Saudi Gazette report
“WE are very happy to be in Jeddah. The Indian Navy and the Western Fleet deploys regularly to the various parts of the Indian Ocean Region (IOR) and beyond as part of our efforts to create opportunities and engage with friendly foreign countries.
“To that extent we are very happy and very pleased to be here in Jeddah and it gives us a chance to meet our counterparts from the Royal Saudi Navy force, to get to know them and to have professional interactions with them,” said Rear Admiral R. B. Pandit, flag officer commanding western fleet (FOCWF) — who is heading this task group, on board the INS Trishul, which is one of the three ships that is one a three-day visit to Jeddah.
“It is also a unique privilege for me, my officers and my men to be in the Kingdom of Saudi Arabia, a very important country in the region. We deploy regularly because we are quite convinced that the well-being of nations lies in the maritime domain. And it is to ensure this that we join forces to ensure good order at sea.
“We would like to emphasize that in order to ensure good order at sea, we need to take a cooperative and collaborative approach, so that collectively we have security at sea in the maritime domain,” Pandit said.
As part of the Indian Navy’s overseas deployment to the West Coast of Africa and the Mediterranean Sea, three Indian warships INS Mumbai, INS Trishul and INS Aditya are in Jeddah on a 3-day visit. The visit is aimed at cooperation and understanding between important navies of the IOR.
Building on the rich and long-standing relations between Indian and Saudi Arabia, both nations encourage such visits. The current visit seeks to underscore India’s peaceful presence and solidarity with friendly countries of the Indian Ocean and, in particular, to strengthen the existing bonds between India and the Kingdom.
Ship visits by the Indian Navy and the Indian Coast Guard are symbolic of India’s desire to enhance its cooperation with the Kingdom in matters of defense. The visit of these naval ships will assist in promoting understanding and furthering interoperability between the two Navies.
“We look forward to further these defense cooperation mechanisms,” said Pandit, adding, “Indian Naval assets have been increasingly deployed in recent times to address the main maritime concerns of the region. In addition, the Indian Navy has also been involved in assisting countries in the Indian Ocean Region with Hydrographic Survey, search and rescue and other such capacity building and capability-enhancement activities.”
Pandit said, “The current deployment into the Mediterranean will contribute towards the Indian Navy’s efforts to consolidate interoperability and forge strong bonds of friendship across the sea.”
Saudi Arabia and India have embarked on a well charted journey towards enhancing bilateral ties in multifarious fields some of which include trade and business opportunities, infrastructure development, commerce, medical research, people to people exchanges in pursuit of cultural revelation, defense cooperation and military training.
The increased frequency of ship visits and the assistance provided by the Kingdom in facilitating these visits is noteworthy. Defense relations constitute a significant element of the two countries’ shared strategic vision for the region and the current visit is a testimony to the strong Indo-Saudi ties.
Earlier Ambassador Ahmad Javed welcomed a team of press people on board INS Trishul, where a press briefing was held.
He introduced the ships and the Indian Navy personnel as “one more in a series of exchanges that we have been witnessing in the recent past. The most important thing is that these exchanges (with Saudi Arabia) make our interaction and our engagement in the area of defense rise to a different level.”

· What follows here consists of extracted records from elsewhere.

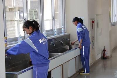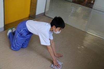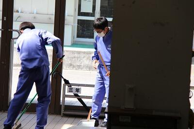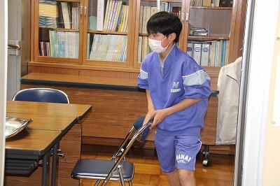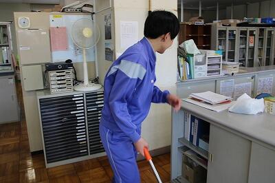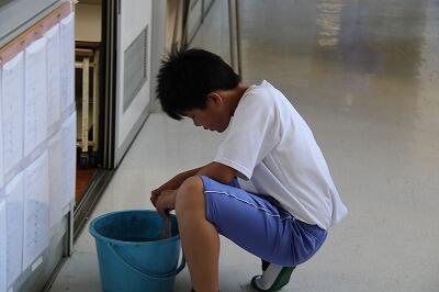 清掃時の様子です。どの生徒も黙々と清掃を行っています。「清掃は心を磨く時間」、進んで作業する姿から、生徒の心が育っていると感じます。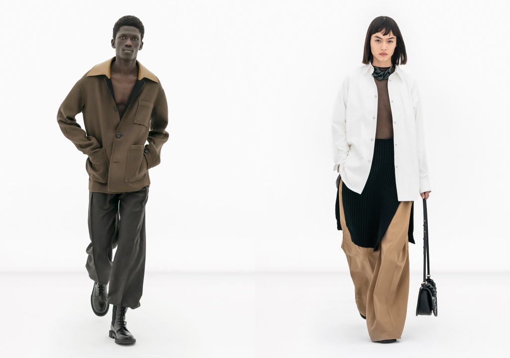 時裝系列重新詮釋休閒風格,以不羈格調、精湛技藝、多變廓形及男女皆宜的元素重塑。女裝單品以百搭的羊毛針織面料呈現引人注目的荷葉邊設計,別出心裁的方式詮釋了此晚禮服元素。毛羊皮餘料打造而成的柔軟條紋,為傳統晚禮服廓形演繹出新穎風采。針織緊身衣搭配人造皮革迷你裙,展現未來感俐落造型。長版風衣與腰帶搭配圍巾層次,打造出豐富的百變造型。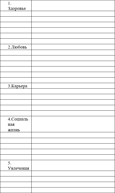 Марк ТвенЗаданиеА теперь напишите 10–15 рисков, которые, как вам кажется, могут случиться и повлиять на вашу привычную жизнь. Пишите все возможные «страхи», разделив их по пяти основным направлениям колеса баланса: здоровье, любовь, карьера, социальная жизнь, увлечения.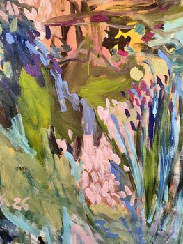 Sus pinturas a menudo evocan temas relacionados con la naturaleza, la introspección y las emociones humanas. Juega con la luz y la sombra para crear atmósferas únicas.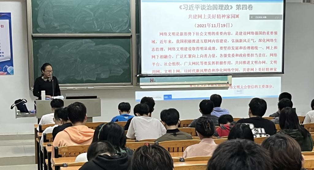 接着,林静老师带领全体同学学习《习近平谈治国理政》第四卷的部分内容,强调网络文明建设的重要性,并呼吁同学们要弘扬新风正气,积极传播网络正能量,要加强自身思想道德修养,明大德、守公德、严私德,以自觉行动共建网上美好精神家园。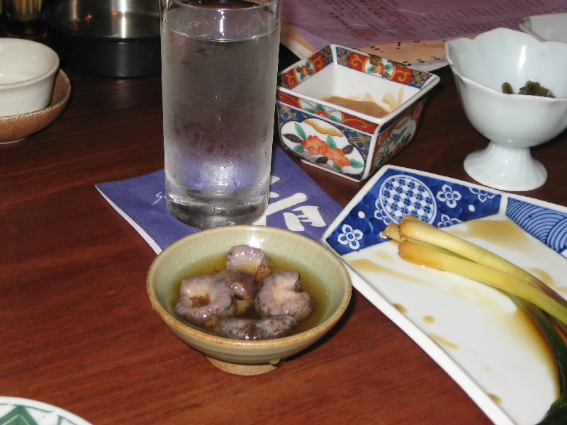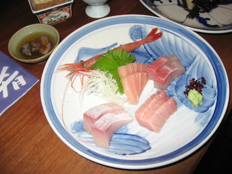 久々に食べるナマコもこりこりしていてお酒が進む。さて、では冬の日本海の幸のお刺身をいただきましょうか。ご主人曰く、ブリとヒラマサ、カジキとマグロをそれぞれ味比べてくださいと。なんとも肉厚なブリからいただきましょうか。うーん、これは脂が乗っていて最高にうまい。身が引き締まった感じもよく、歯応えが心地よい。ヒラマサもかなりおいしいが、ブリのおいしさには及ばないかな。カジキは一転、柔らかくてとろけるようだ。マグロは中トロか、おいしい脂が口に広がり、お酒にピッタリだ。子持ちの甘エビのプリプリをいただき、満足いっぱい。いつのまにかお酒がなくなったので、おすすめということで三千盛という岐阜の地酒を頂く。あーうまい。続いてはちょっと温かいものということで、カキのソテー。プリプリしていて、今が旬のカキはうまいねえ。そして白子のガーリックバター。こういう食べ方は初めてだが、とろっとした白子とバター風味がいい感じ。お薦めで頂いたざる豆腐は手作り感満載の、しっかりした豆腐でした。なんにしても酒が進む。

“You may recall that one of the important game-changing agreement that was signed between India and Saudi Arabia, when the present Custodian of the Two Holy Mosques King Salman was the Crown Prince, and that was the cornerstone of our defense relationship. As a matter of fact when the relations was raised to the strategic level, this was one of the aspects to that and as a consequence to that we have these visits,” Javed said.
The visiting ships are part of the Indian Navy’s Western Naval Command and are based in Mumbai. The task group is headed by Rear Admiral R. B. Pandit.
INS Mumbai is a Delhi Class Destroyer, which is fully equipped to undertake any military challenge in varied spectrum of operations. INS Trishul is a Talwar Class Frigate that can operate in a multi threat environment and has the capacity to handle threats in all dimensions and INS Aditya is the first indigenously built Combat Logistic Ship that facilitates furthering and sustenance of military operations.